米国でも、デルタ型の広がりが経済減速の原因になっている。感染者数が増える中で、消費意欲が低下しているためだ。欧州では、サプライチェーンの乱れがインフレにつながっている。欧州連合(EU)統計局が先日発表したユーロ圏の7月の物価上昇率は、ほぼ10年ぶりの高水準を記録した。比較対象の前年同月の物価が異常に低かったせいもあるが、部品の供給不足でメーカー各社の生産が進まなかったのは中国と同様だ。

この他、中国独自の要因もある。債務問題に加え、長年の住宅ブームが終わる可能性が懸念されている。同国の不動産開発会社の中で最も重い債務を抱える中国恒大集団は、債務不履行(デフォルト)の危機にある。中国の不動産業者は軒並み、利払い負担の増加に直面している。中国共産党が昨年、経済の不動産への依存度を下げ、不動産開発会社の借り入れを制限する政策に転じたことが影響している。

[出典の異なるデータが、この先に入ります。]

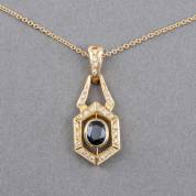 18kt gouden jasseron schakelcollier waaraan een 18kt gouden hanger gezet met ovaal gefacetteerde blauwe saffier, omgeven met achtkantgeslepen diamanten, totaal circa 0.24ct, brutogewicht 8,6 gram, collier 45 cm, hanger 3 cm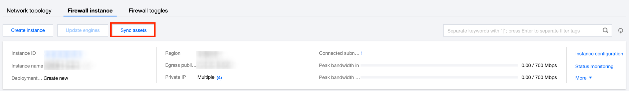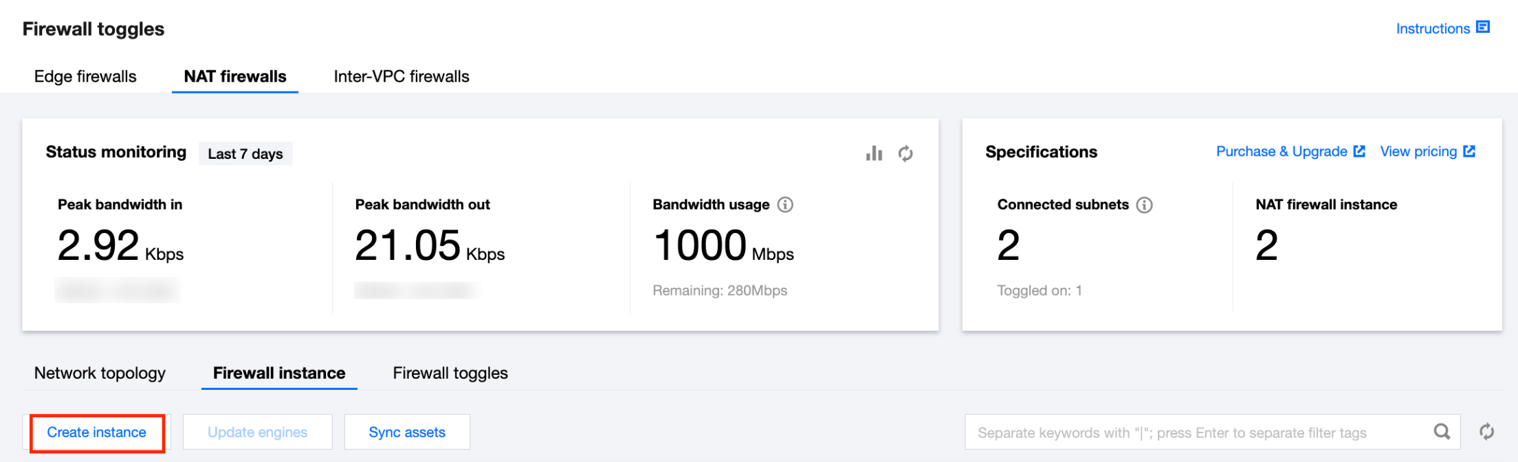 2. 在 “NAT 边界开关”页面,可进行创建实例、同步资产、查看并监控基于 NAT 边界的带宽情况等操作。
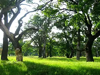 It contains a tall, homogeneous stand of trees which are almost the same age, including about 200 centennial marsh oak trees (Quercus robur), once accompanied by field ash trees (Fraxinus angustifolia). The protected area covers 19 hectares (47 acres).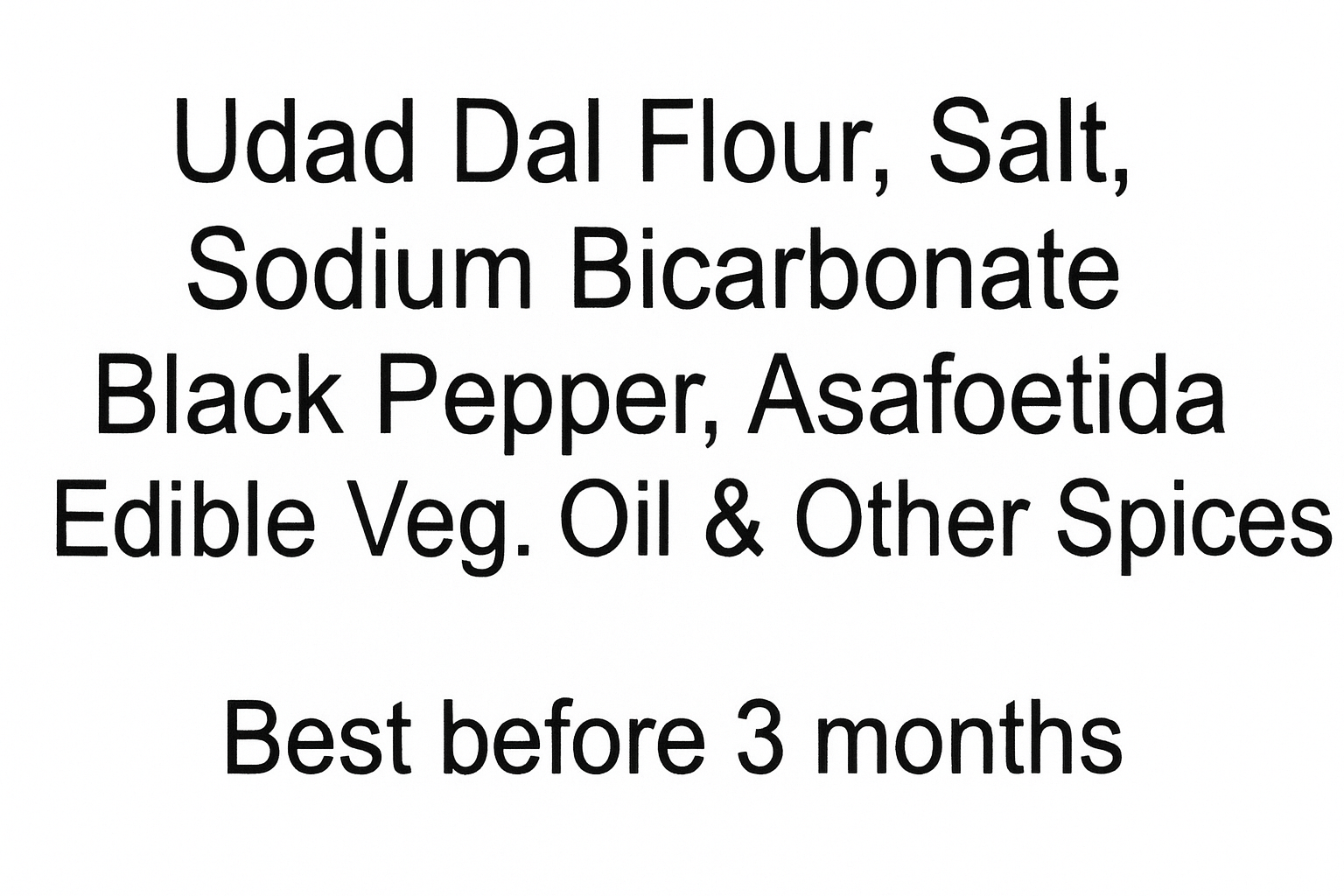 Moongdal and udad dal flour provide a protein-rich, nutty base for the papad, delivering a hearty texture and balanced flavor.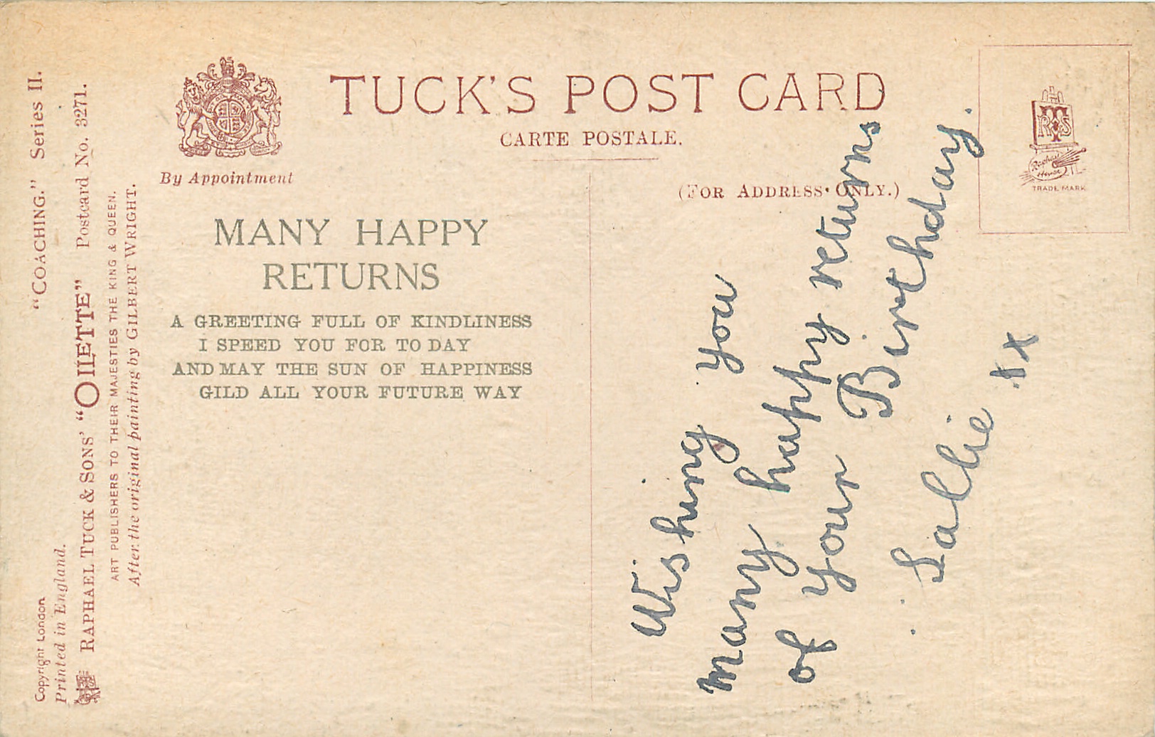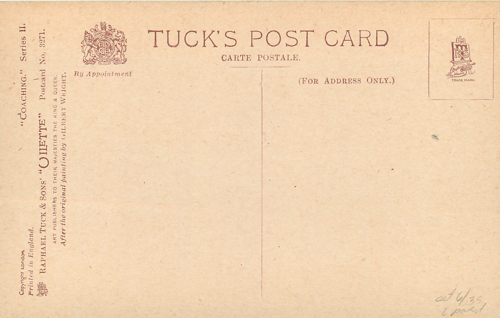 OILETTE, PRINTED IN ENGLAND, COPYRIGHT LONDON, listed in 1911/1912 & 1926/1927 & 1930 Postcard Catalogues, same images OILETTE CONNOISSEUR 2760, come O/F but not so trade named, AFTER THE ORIGINAL PAINTING BY GILBERT WRIGHT.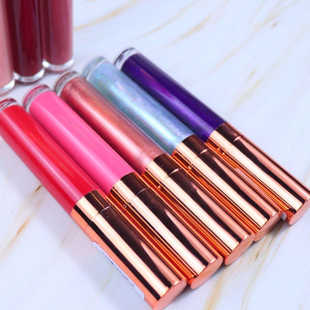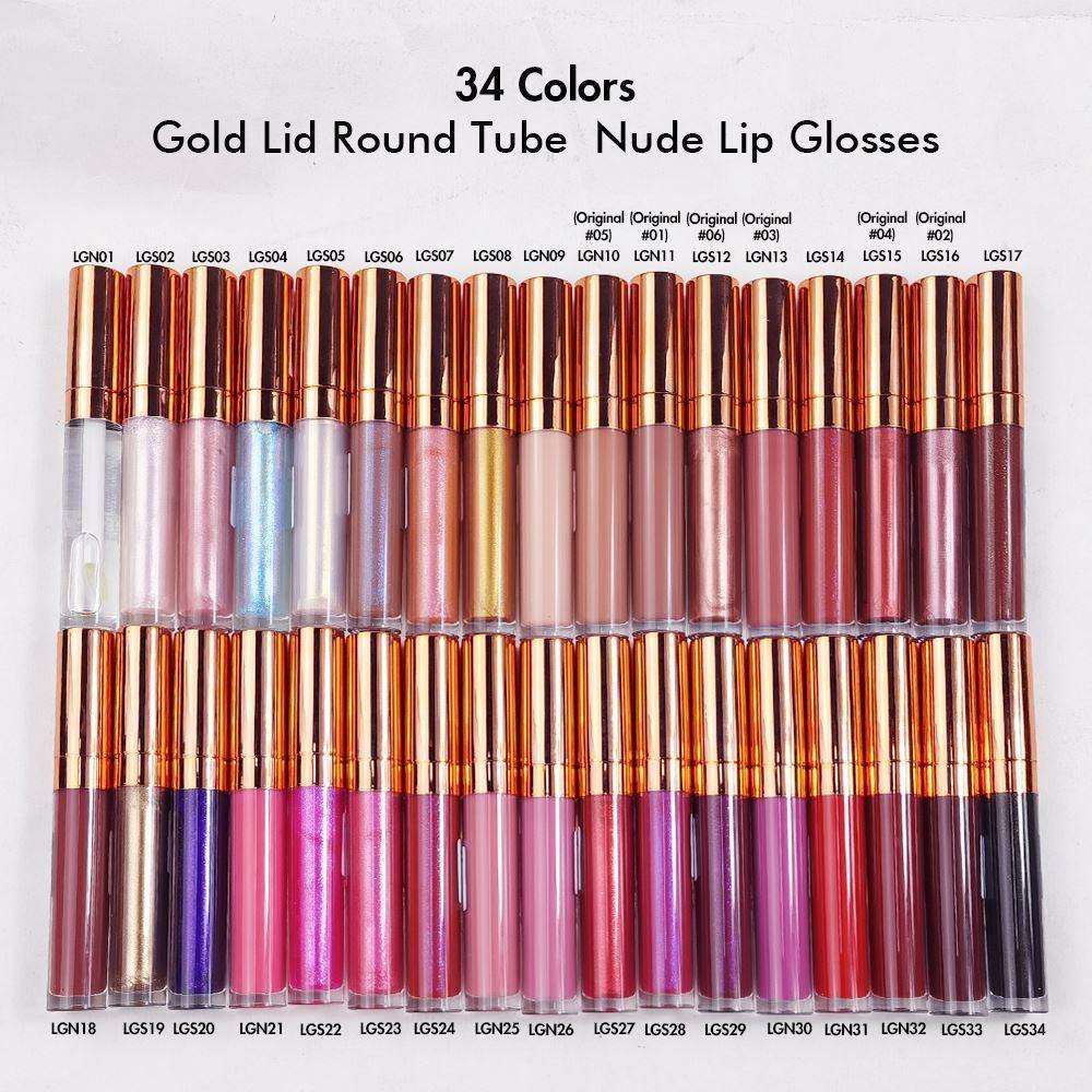34 Couleurs Or Couvercle Tube Rond Brillant À Lèvres Nude【30PCS Livraison Gratuite & Logo D'impression Gratuit】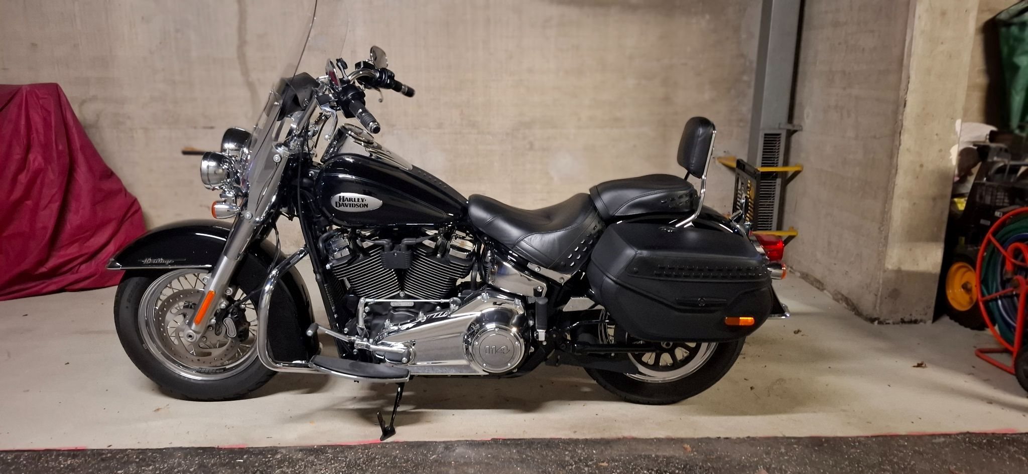 Verkaufe HD Softail Heritage 114, Vived-Black-Chrom, 1. Besitz, Garagenfahrzeug, ca: 7000Km, Sturzbügel, Schaltwippe, Sozius Rückenlehne, Griffheizung, Hohes Windshield (original vorhanden), Alarmanlage, Jekill & Hyde Auspuff (original Auspuff vorhanden), Serviceheft.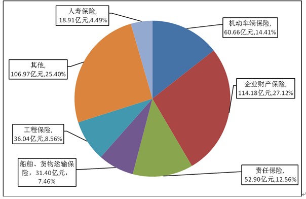2012年,全国保险经纪机构实现保费收入421.06亿元。其中,实现财产险保费收入340.24亿元;实现人身险保费收入64.99亿元;实现再保险业务类保费收入15.83亿元。

概して、中国政府はかつての成長最優先の政策から転じ、IT大手による支配や、貧富の差の拡大など、放縦な資本主義の手綱を締めようとしている。それも理解できなくはない。例えば、アルミニウムの減産は政府が環境対策を強化した結果とされる。だが、中国の方針転換は、中国が世界経済にとって、08年の金融危機後のような成長エンジンにはならないことを意味する。世界は今、中国に代わる景気けん引役を探す必要に迫られている。